Work to be completed: Below are the records; extract from them the line containing "If man has recognized" to the line containing "广东省惠州市2024-2025学年上1月高三第三次调研考试物理+答案", both lines included, exactly and with no pictures.

Data to use:
•••

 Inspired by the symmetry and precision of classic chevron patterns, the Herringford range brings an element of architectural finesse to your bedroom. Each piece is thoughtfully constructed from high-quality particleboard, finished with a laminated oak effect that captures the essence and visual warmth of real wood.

•••

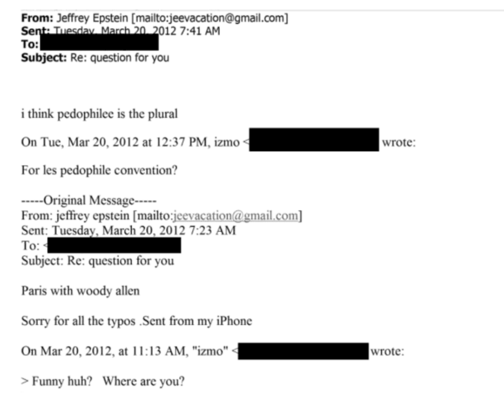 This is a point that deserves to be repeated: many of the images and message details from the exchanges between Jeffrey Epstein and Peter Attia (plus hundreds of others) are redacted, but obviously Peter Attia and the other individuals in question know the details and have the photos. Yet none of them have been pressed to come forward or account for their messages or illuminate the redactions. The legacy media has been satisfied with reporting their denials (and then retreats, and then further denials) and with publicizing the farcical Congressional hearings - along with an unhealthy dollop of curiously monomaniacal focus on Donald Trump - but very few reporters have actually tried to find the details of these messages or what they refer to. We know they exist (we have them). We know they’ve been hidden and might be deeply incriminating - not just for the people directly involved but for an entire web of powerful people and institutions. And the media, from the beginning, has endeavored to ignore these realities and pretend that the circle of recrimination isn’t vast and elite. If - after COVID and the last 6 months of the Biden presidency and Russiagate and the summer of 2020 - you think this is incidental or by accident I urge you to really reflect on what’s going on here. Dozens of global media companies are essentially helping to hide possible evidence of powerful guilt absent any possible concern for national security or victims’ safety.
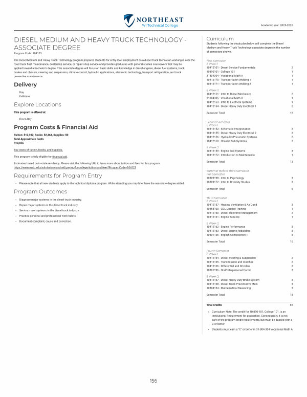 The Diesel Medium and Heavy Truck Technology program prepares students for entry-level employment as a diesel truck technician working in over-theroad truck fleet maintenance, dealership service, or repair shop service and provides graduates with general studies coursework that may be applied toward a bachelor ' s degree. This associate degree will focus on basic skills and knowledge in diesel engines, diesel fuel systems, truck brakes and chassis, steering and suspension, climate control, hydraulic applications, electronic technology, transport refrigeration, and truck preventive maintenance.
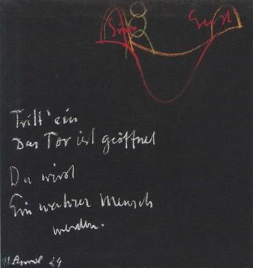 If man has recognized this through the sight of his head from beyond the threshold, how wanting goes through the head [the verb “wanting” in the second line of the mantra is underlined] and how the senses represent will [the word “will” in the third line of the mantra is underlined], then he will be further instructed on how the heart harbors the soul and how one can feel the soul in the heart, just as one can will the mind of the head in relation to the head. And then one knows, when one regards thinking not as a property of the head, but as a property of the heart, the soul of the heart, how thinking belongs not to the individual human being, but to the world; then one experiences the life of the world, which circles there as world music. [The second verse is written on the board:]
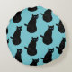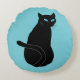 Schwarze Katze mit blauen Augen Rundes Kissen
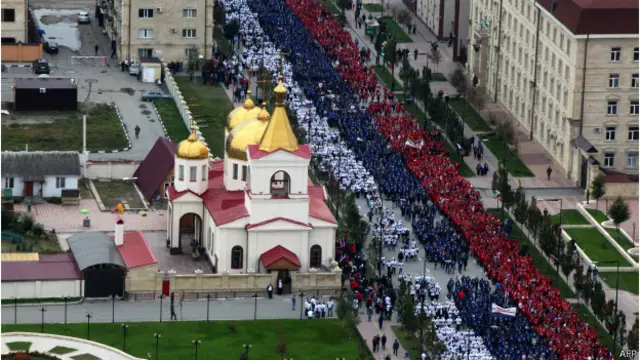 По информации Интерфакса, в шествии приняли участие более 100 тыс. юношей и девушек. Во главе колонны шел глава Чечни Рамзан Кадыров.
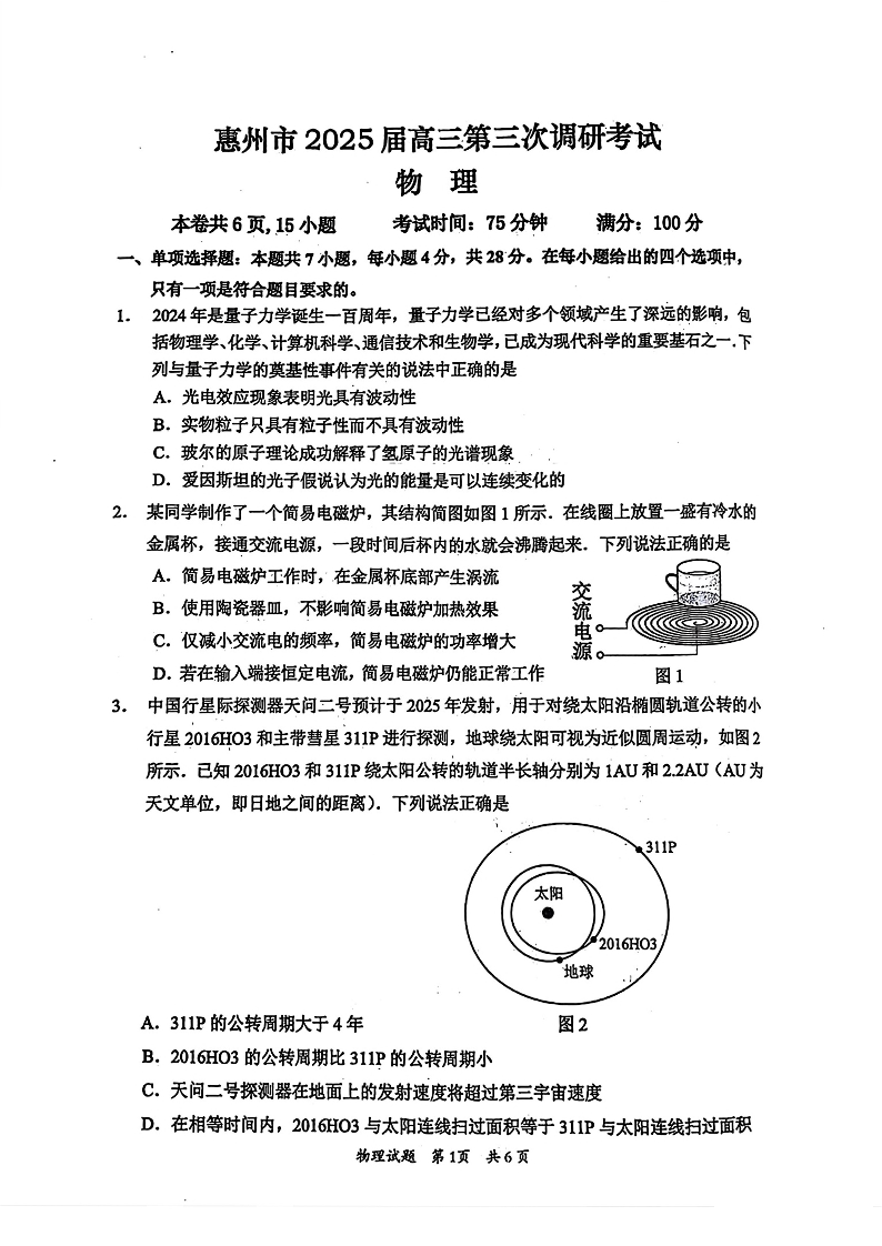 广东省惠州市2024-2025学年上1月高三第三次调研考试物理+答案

•••

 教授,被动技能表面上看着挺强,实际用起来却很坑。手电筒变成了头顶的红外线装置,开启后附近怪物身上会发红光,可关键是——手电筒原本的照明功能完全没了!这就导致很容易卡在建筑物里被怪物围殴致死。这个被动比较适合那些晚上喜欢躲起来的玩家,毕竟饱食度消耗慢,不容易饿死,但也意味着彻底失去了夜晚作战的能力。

•••

Completed task:
 If man has recognized this through the sight of his head from beyond the threshold, how wanting goes through the head [the verb “wanting” in the second line of the mantra is underlined] and how the senses represent will [the word “will” in the third line of the mantra is underlined], then he will be further instructed on how the heart harbors the soul and how one can feel the soul in the heart, just as one can will the mind of the head in relation to the head. And then one knows, when one regards thinking not as a property of the head, but as a property of the heart, the soul of the heart, how thinking belongs not to the individual human being, but to the world; then one experiences the life of the world, which circles there as world music. [The second verse is written on the board:]
 Schwarze Katze mit blauen Augen Rundes Kissen
 По информации Интерфакса, в шествии приняли участие более 100 тыс. юношей и девушек. Во главе колонны шел глава Чечни Рамзан Кадыров.
 广东省惠州市2024-2025学年上1月高三第三次调研考试物理+答案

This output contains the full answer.